Special needs assistant awarded €255k over school harassment
Mr Justice Iarfhlaith O’Neill described the “severe” and “unmerited” treatment of Una Ruffley by the board of management of St Anne’s National School in the Curragh, Co Kildare, as persistent, inappropriate behaviour which wholly undermined her dignity at work.
He said principal Pauline Dempsey’s account of the complaint against Ms Ruffley to a board meeting was “almost certainly untrue, highly biased, coloured, and grossly and unfairly damnified” Ms Ruffley, who had worked in the school for 14 years.
He also found it reprehensible that Ms Dempsey had “trumped up” an additional complaint against her.
The judge said the board of the school, which provides education for children with special needs, failed to properly respond to Ms Ruffley’s efforts to have the matter dealt with through internal disciplinary procedures and left her with no option but to take legal action.
He awarded her €140,276 for loss of past and future earnings and €115,000 in general damages.
The judge said the case arose from an incident on September 14, 2009, when Ms Ruffley was with a pupil in the school’s “sensory room”, used for one-to-one development of a child’s sensory perception.

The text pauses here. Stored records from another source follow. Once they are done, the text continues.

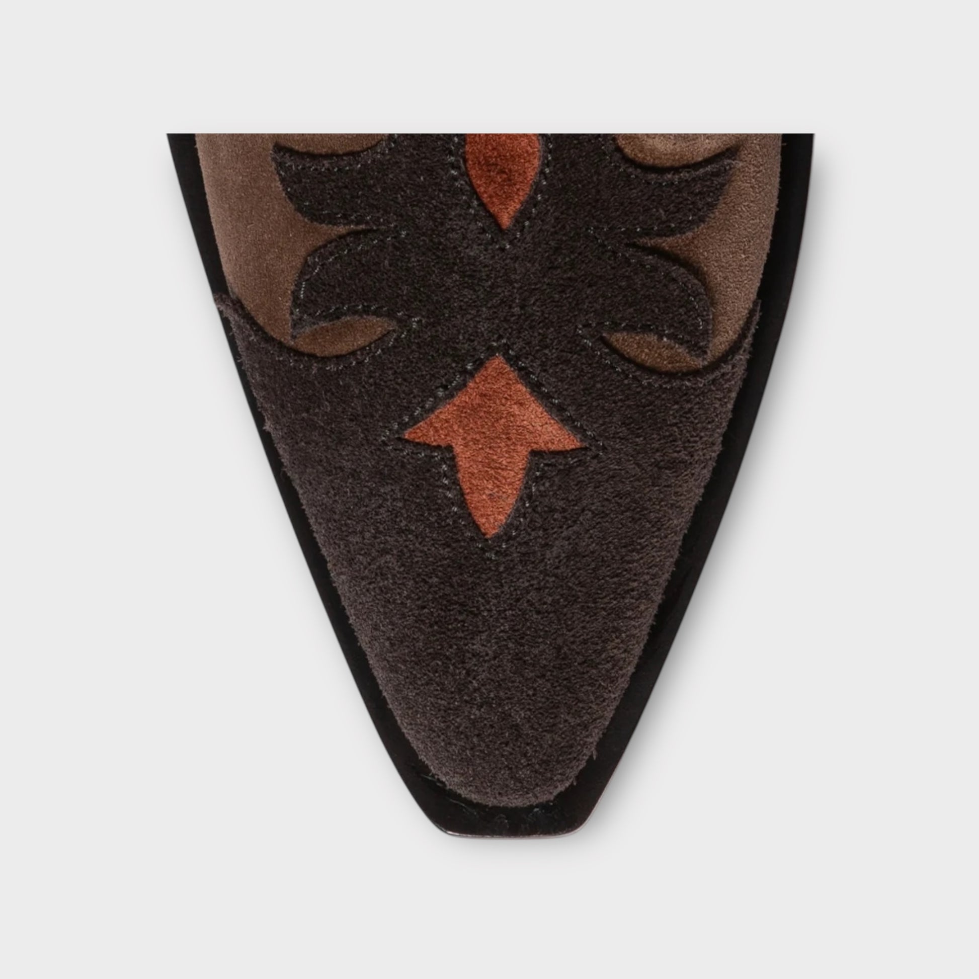 Iconic western boots made in very flexible velvet veal. It is decorated with flame cutouts. The lateral elastics ensure true comfort. Bevelled heel and leather sole.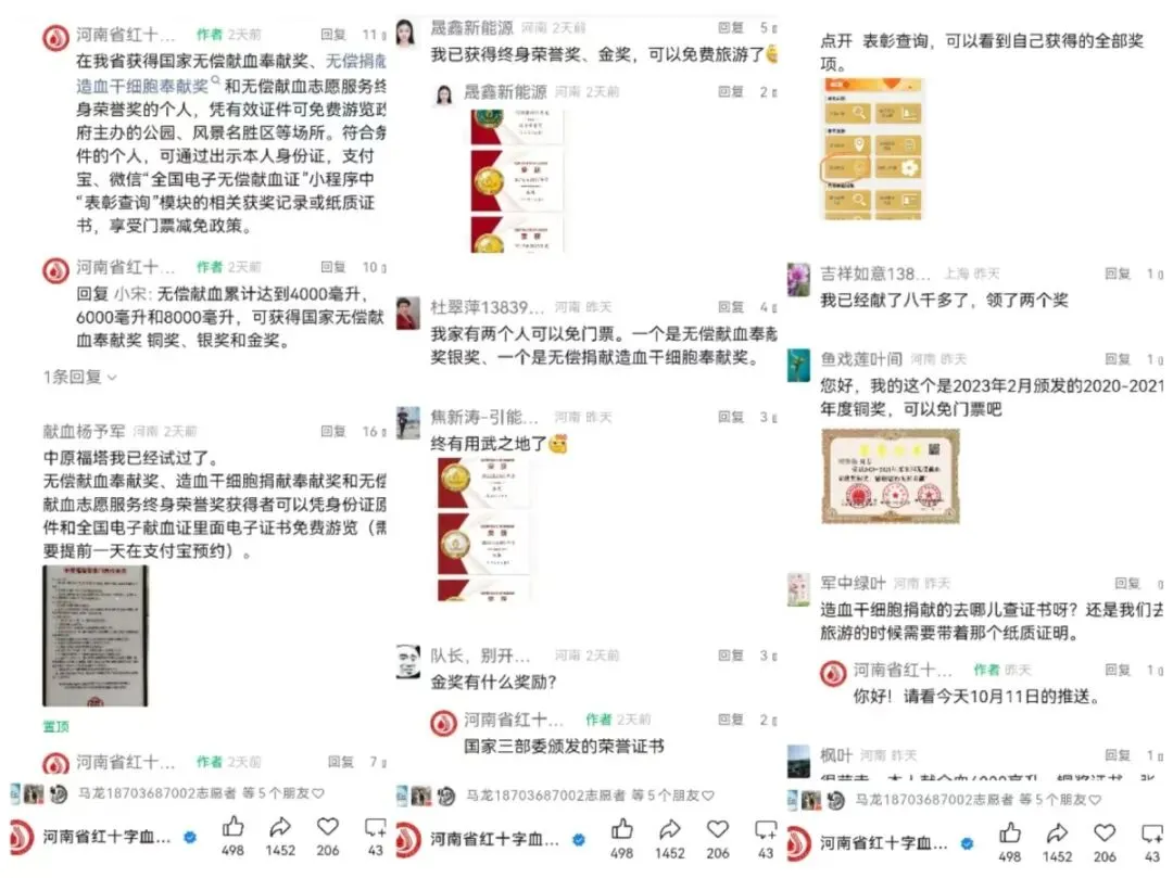 不久后,三门峡、新乡等地也下发通知,为符合条件的无偿献血者送上免收景区首道门票等福利。
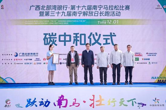 为倡导绿色低碳生产生活方式,广西北部湾银行与活动主办方合作,将本次马拉松比赛活动办成一届碳中和的体育赛事。广西北部湾银行助力活动主办方科学制定了活动碳中和实施计划,优先实施了温室气体减排措施,对本次活动排放的996.69吨二氧化碳当量温室气体,由北行通过购买广西首批发行的林业碳票项目——河池市环江毛南族自治县华山林场(一期)林业碳票项目碳减排量1050吨,捐赠给本次活动主办方用于抵消本次活动产生的温室气体,达成广西大型体育赛事的首次“碳中和”。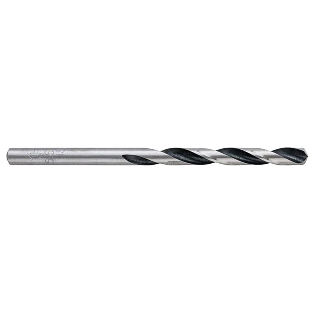 Twist drill bit made of high speed steel manufactured to DIN 338. Type N, drill bit tip 135°. Rolled spiral flute with ground point, vapour-plated.Shank equal to drill bit diameter. Two-cutter, cylindrical, two flutes. High elasticity due to low-heat shaping manufacturing process. Low risk of breakage - especially when drilling with diameters smaller than 6mm. Spiral flute with oxide coating for rapid chip removal. Suitable for steel , non-ferrous metals, cast iron, hard plastics.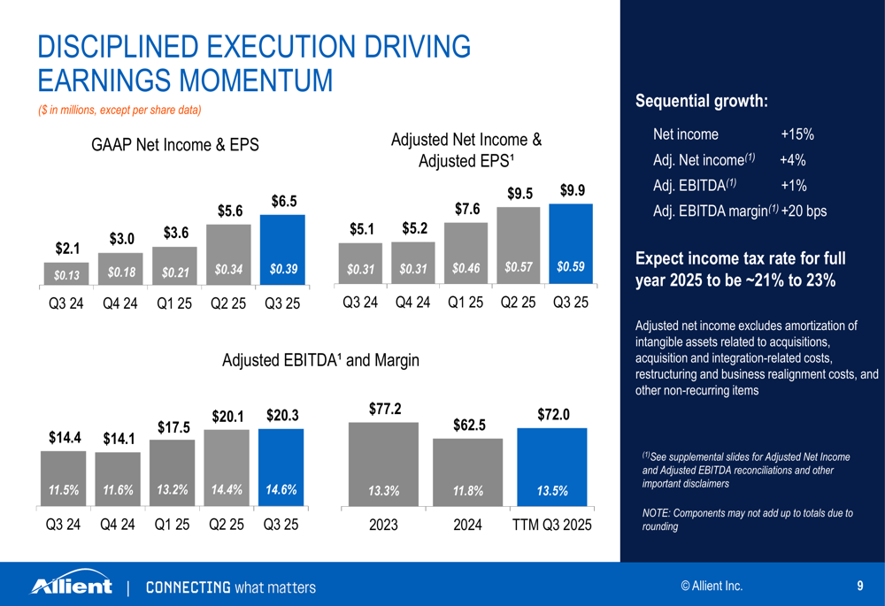 Allient reported Q3 2025 revenue of $138.7 million, representing an 11% increase year-over-year, though slightly down 1% sequentially from Q2. The company achieved impressive bottom-line growth with net income of $6.5 million, up 208% compared to Q3 2024 and 15% sequentially.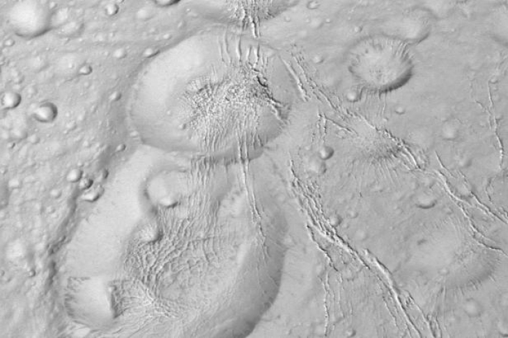 На изображениях заметны три кратера, которые пересекают многочисленные трещины
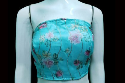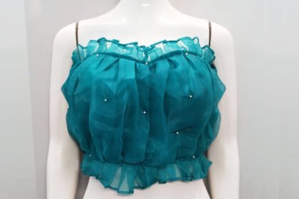Turquoise Blue Organza Strapless Blouse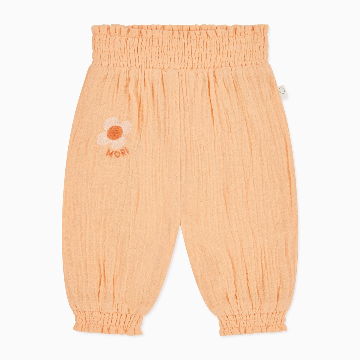 We know comfort is a top priority when it comes to dressing little ones in the heat, so we’ve made these floaty pants out of organic cotton muslin. They have a smocked waistband for easy on and off too.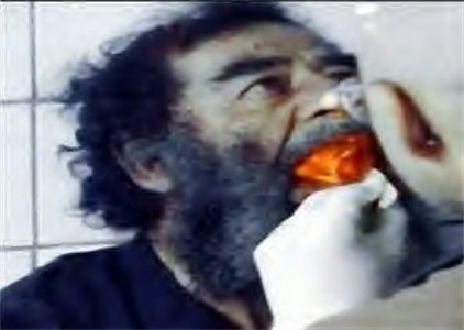 ARMY DOCTORS WORK FEVERSISHLY TO PUT OUT THE FIRE IN HUSSEIN'S MOUTH.

At issue in this case was whether it was normal practice that the door to the room should be locked or just closed, as it generally accepted that the sensory programme should be done without interruption.
The judge said he accepted evidence of Ms Ruffley and other special needs assistants that it was general practice to lock the door.
When the pupil Ms Ruffley was dealing with that day fell asleep, she phoned the class teacher, who told her to allow him sleep for another 20 minutes. The child, who had attention deficit hyperactivity disorder, had a tendency to run from room to room when equipment was being set up, the court heard.
The principal, Ms Dempsey, tried to gain entry three times before Ms Ruffley opened the door, which later gave rise to disciplinary moves against her.
It was extraordinary that, up to the day of this incident, no issue had arisen about the locking of the door even though the school had a comprehensive safety statement, the judge said.
Ms Ruffley had been subjected to disciplinary sanction of a severe kind which was unmerited, the judge said, adding that it was hard to understand how “an educated, sophisticated person” such as Ms Dempsey could have arrived at the conclusions she did “without an element of bad faith”.